Claims analytics uses data to analyze healthcare claims and their results — rejection, denial, or acceptance. Today, most analytics procedures use technology in some way. Some are fully automated, while others use more basic software like databases and spreadsheets.

Claims analytics allows a practice or system to identify trends in claims processing. It returns critical information such as per-payer denial rates, reimbursement speed, and coding error frequency.

How is it different from claims analysis?

Although you might hear the terms "claims analytics" and "claims analysis" used interchangeably, they're different processes with different goals.

Healthcare claims analysis is the broader process of gathering information about accepted, denied, and rejected claims. It uses that information to create a plan to optimize revenue.
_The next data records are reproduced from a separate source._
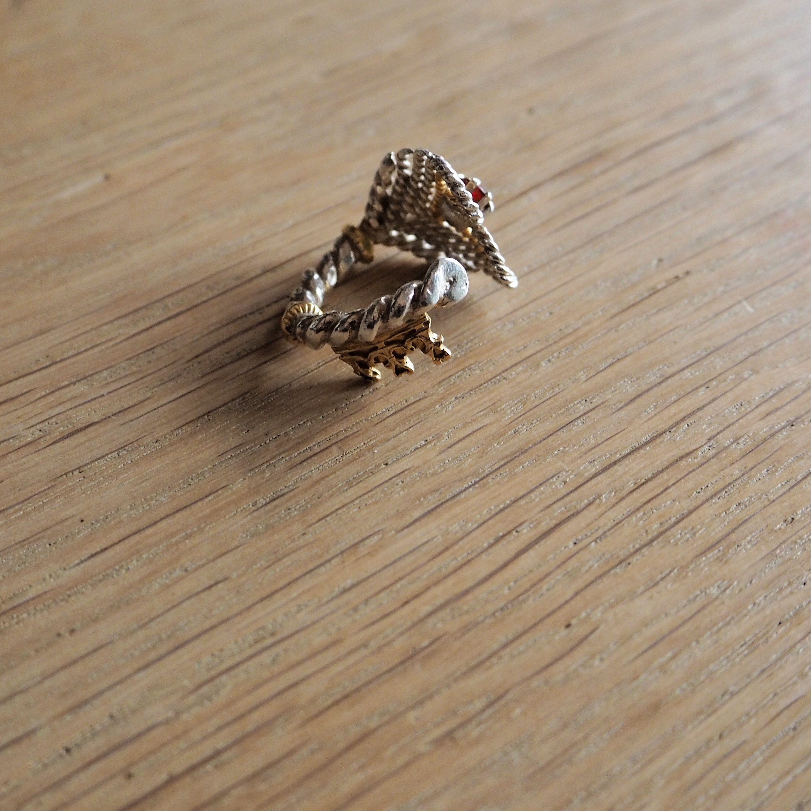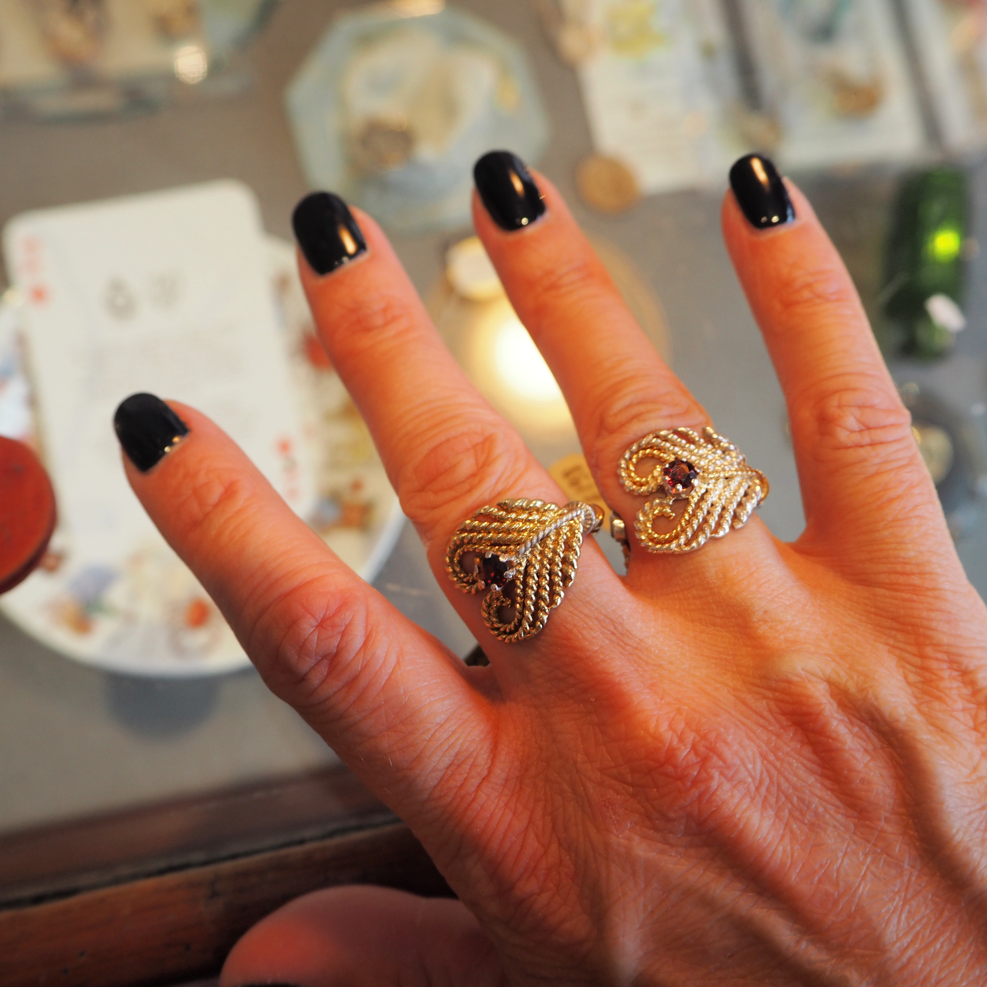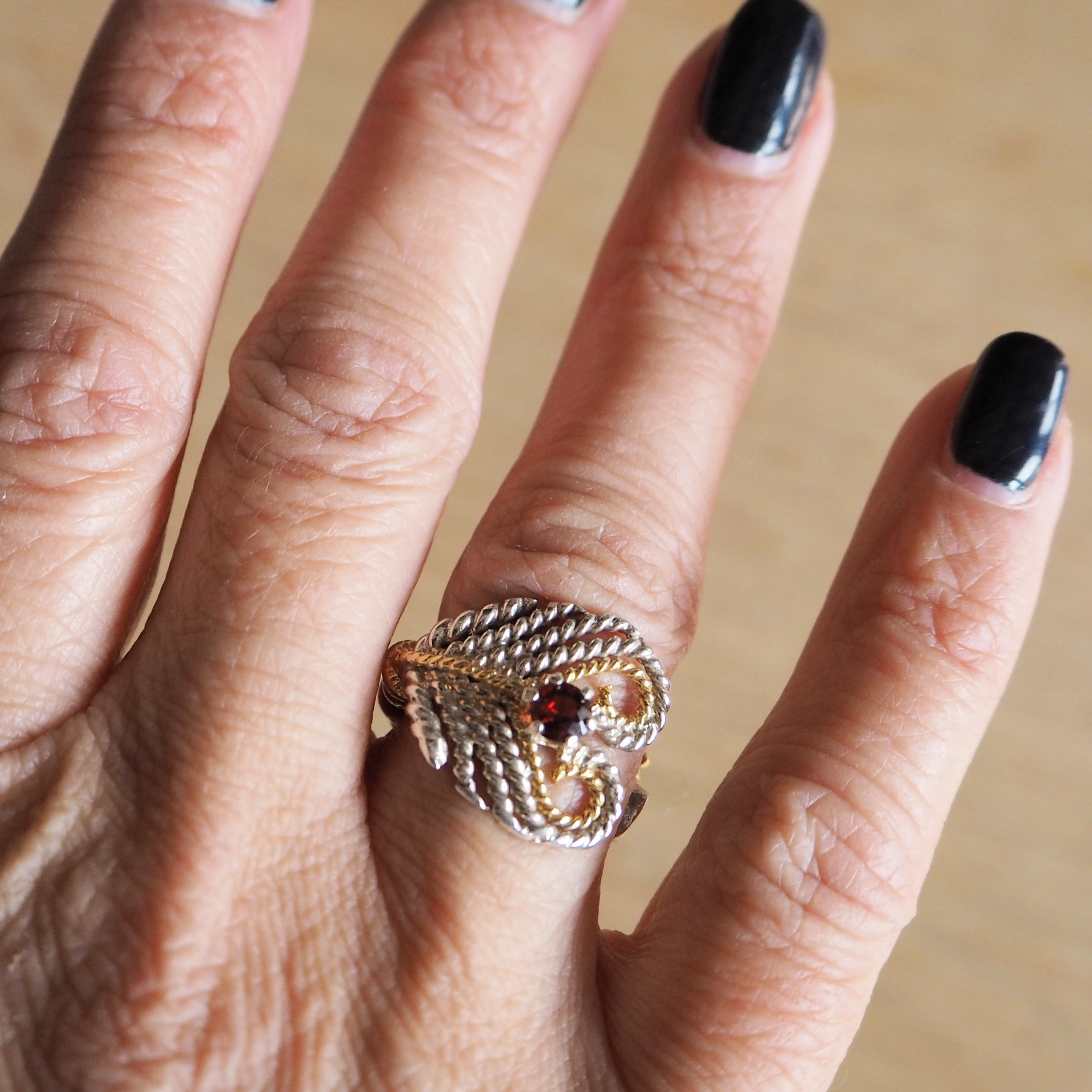 I’m a very In the Now person. I see something and I want it immediately. I’ll wear newly bought shoes straight out the shop for example. But Jessica is the jewellery version of the Slow Food movement. She makes to order. Her work is considered, precise, personal. Me being me, I bought something in the shop to wear straight away anyway. This gorgeous peacock feather key Ring, made from twisted gold and silver with a tiny garnet. Its intricate and extremely beautiful, designed to represent Gladys’ coming of age and the key to adulthood.
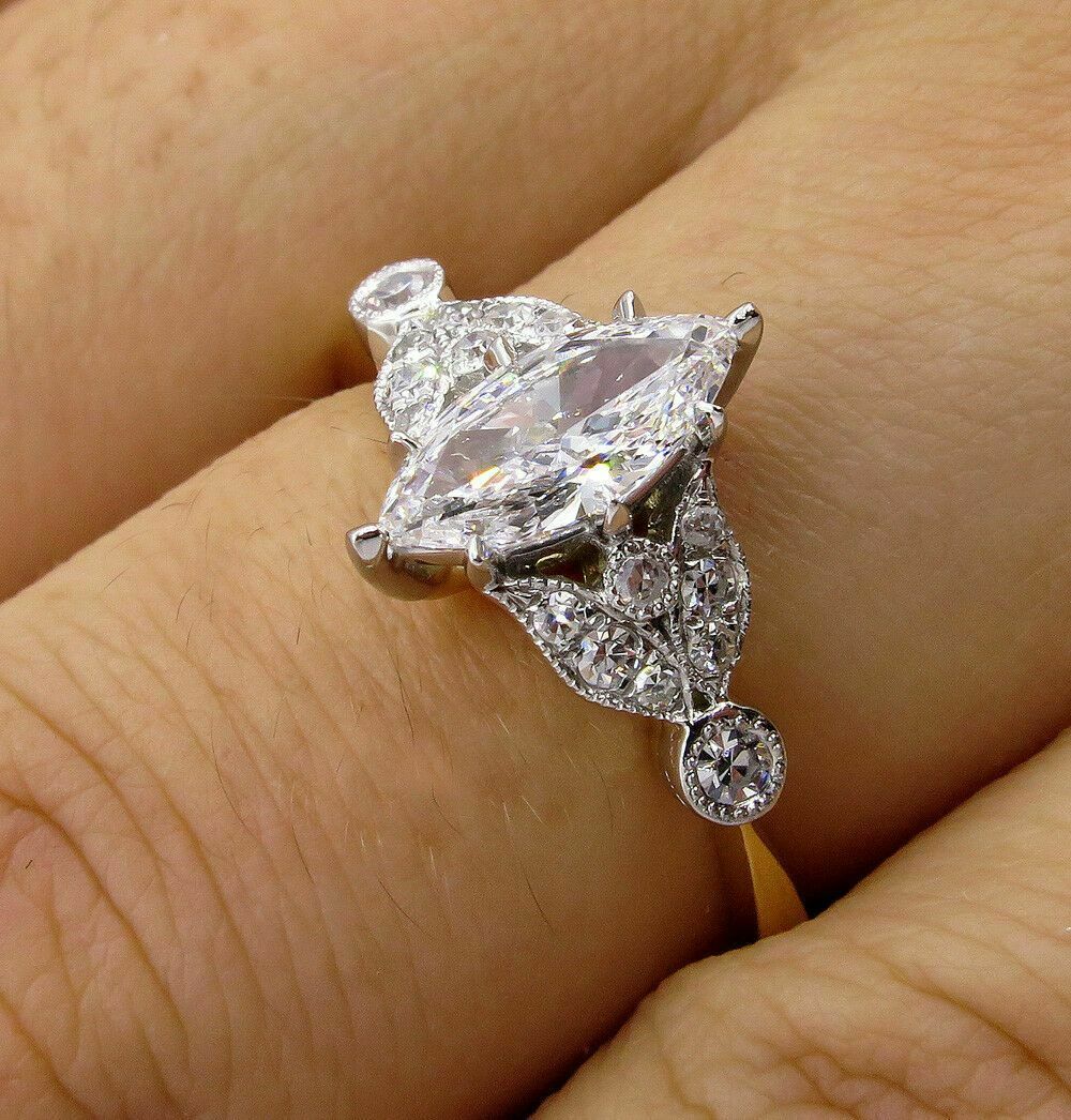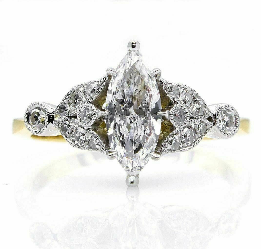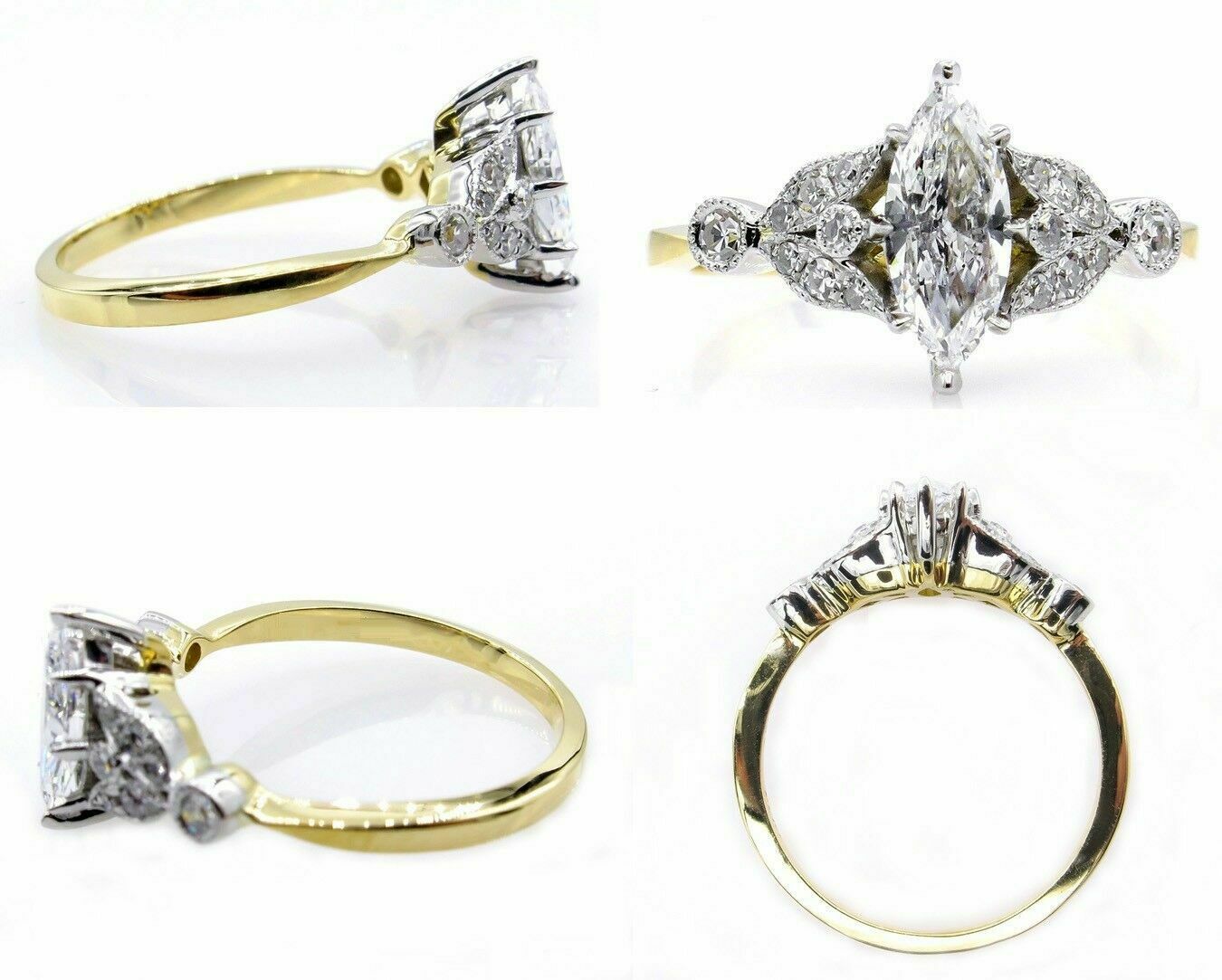3.5ct Marquise Diamond Vintage Leaf Accent Engagement Ring 14K Dual Gold Over
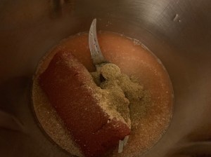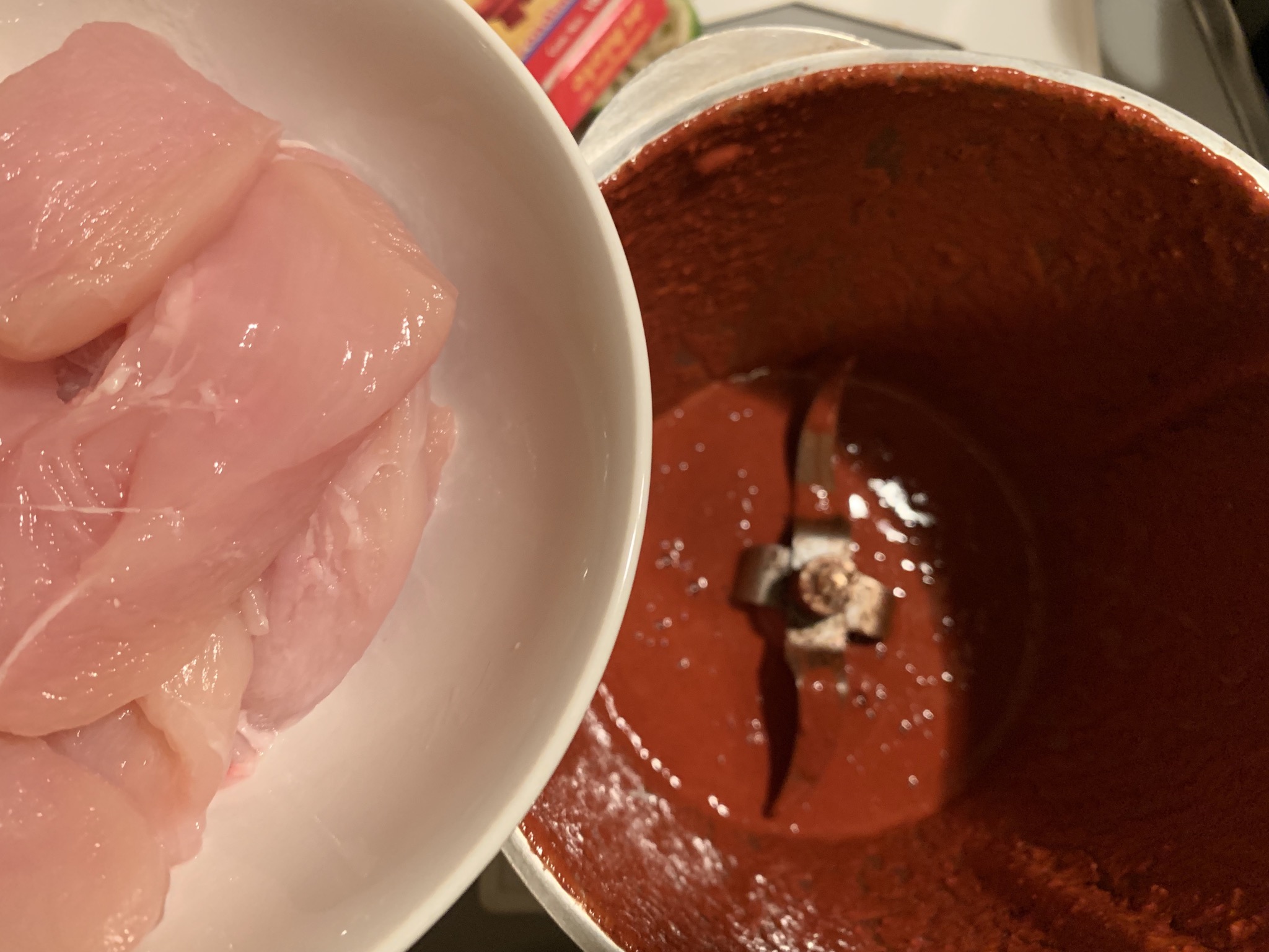 Comenzamos preparando el adobo del pollo. Para ello, simplemente mezclamos en un cuenco o thermomix todos los ingredientes indicados “Para el adobo” y trituramos bien hasta que quede una pasta líquida. Yo lo hice con thermomix 30 segundos a velocidad 6.
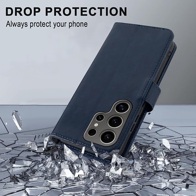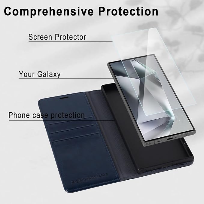 - Compatibility and Convenience Design: Compatible for samsung galaxy S24 Ultra 5G 6.8 inch, this flip folio leather wallet case with card slot holder and a cash pocket can store credit cards and up to 4 bills. Comes with glass screen protector and lens protector, all-round protection for your mobile phone. Internal RFID blocking interlayer material to keep your personal information safe.
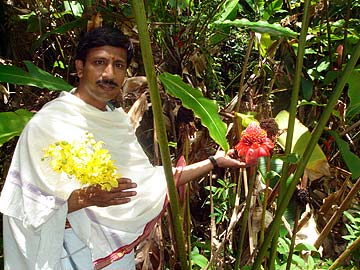 He holds the sacred Konrai blossoms from India in his right hand while admiring the pink torch ginger flower native to Hawaii.
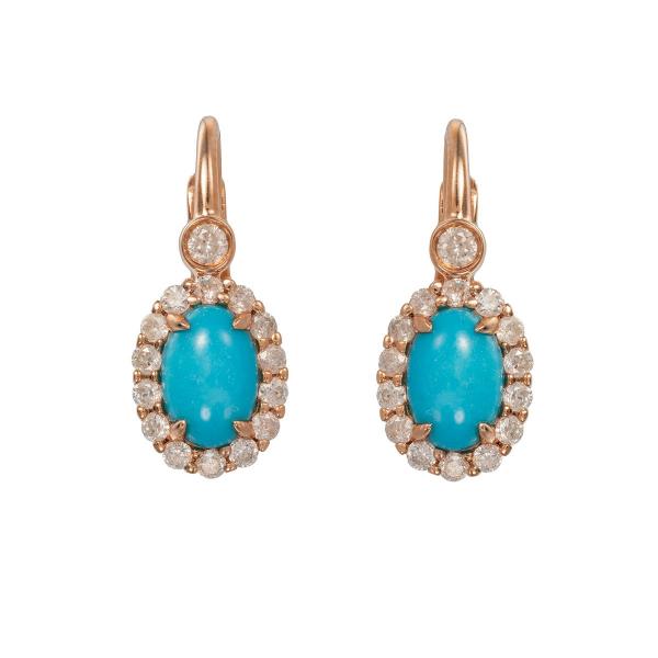 Žluté zlato o ryzosti 585/1000 | váha 1,95 g | výška s ouškem 1,5 cm | výška hlavy 0,8 x 0,6 cm | diamanty 0,29 ct | tyrkys 2ks 0,77 ct | nová práce | výborný stav | puncováno platným puncem | kameny s garancí pravosti zkontrolované v gemologické laboratoři
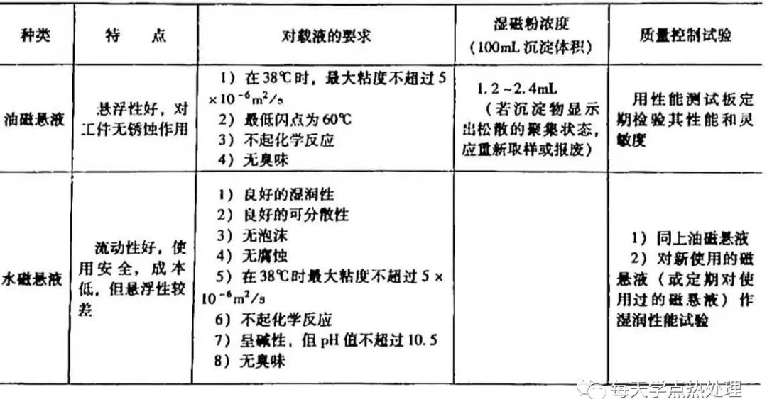 ▼表4 磁懸液種類、特點(diǎn)及技術(shù)要求
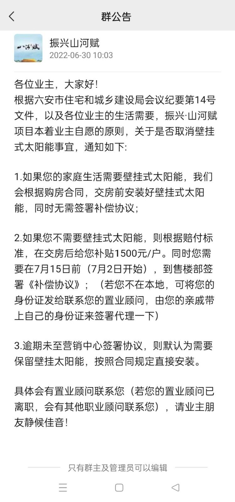 近期,本人接到振兴山河赋《关于是否取消壁挂式太阳能事宜的通知》,通知中提到了此事根据六安市住房和城乡建设局会议纪要第14号文件精神,对于取消壁挂式太阳能,根据赔付标准,在交房后给补贴1500元/户,具体文件内容开发商没有告知业主,太阳能热水器的品牌型号是什么暂不知情,对此很多业主产生了疑虑,这个赔付标准依据和标准是什么(没有具体化),是否应该把文件及设备型号以清晰明了的形式告知全体业主看后再做是否自愿取消的决定?

Analytics is the mathematical part of that process. Today, it's usually the technical component as well. Analytics collects and processes hard data like claims denial rates. It then organizes that data into patterns so analysis teams can apply it.

Tech-supported analytics makes the analysis process faster and more accurate. It still takes a human being to apply the insights gained through analysis, but analytics leads to better results.

Denied claims on the rise spur the need for claims analytics

Healthcare providers have seen their denied claims increase by 20% over the past five years. When Harmony Healthcare surveyed 131 providers in 2021, 33% reported average denial rates of 10% or more, bringing them close to a danger zone.

The Kaiser Family Foundation calculated an average in-network denial rate of 18% for the 2020 fiscal year. This number comes from an analysis of denials and appeals for non-group qualified health plans available through HealthCare.gov.

The data indicate significant variation contributing to that 18% average. Some providers saw denial rates as high as 80%. For hospitals, unresolved claim denials lead to an average annual loss of $5 million — as much as 5% of net revenue, according to the Journal of the American Health Information Management Association (AHIMA). Given these trends, AHIMA concluded that the best way to reduce the financial impact of a denial is to prevent them.

These statistics point to a critical need for healthcare claims analytics. By identifying trends in denials, analytics can help practices mitigate or eliminate those denials.

Healthcare claims analytics in practice: 4 use cases

Although there's a systemic increase in claims denial, each practice and health system can reduce those denials for themselves. A quality claims analytics solution approaches the problem on multiple levels, allowing you to find and address trends in denials.

Here's how a savvy practice can use such a system.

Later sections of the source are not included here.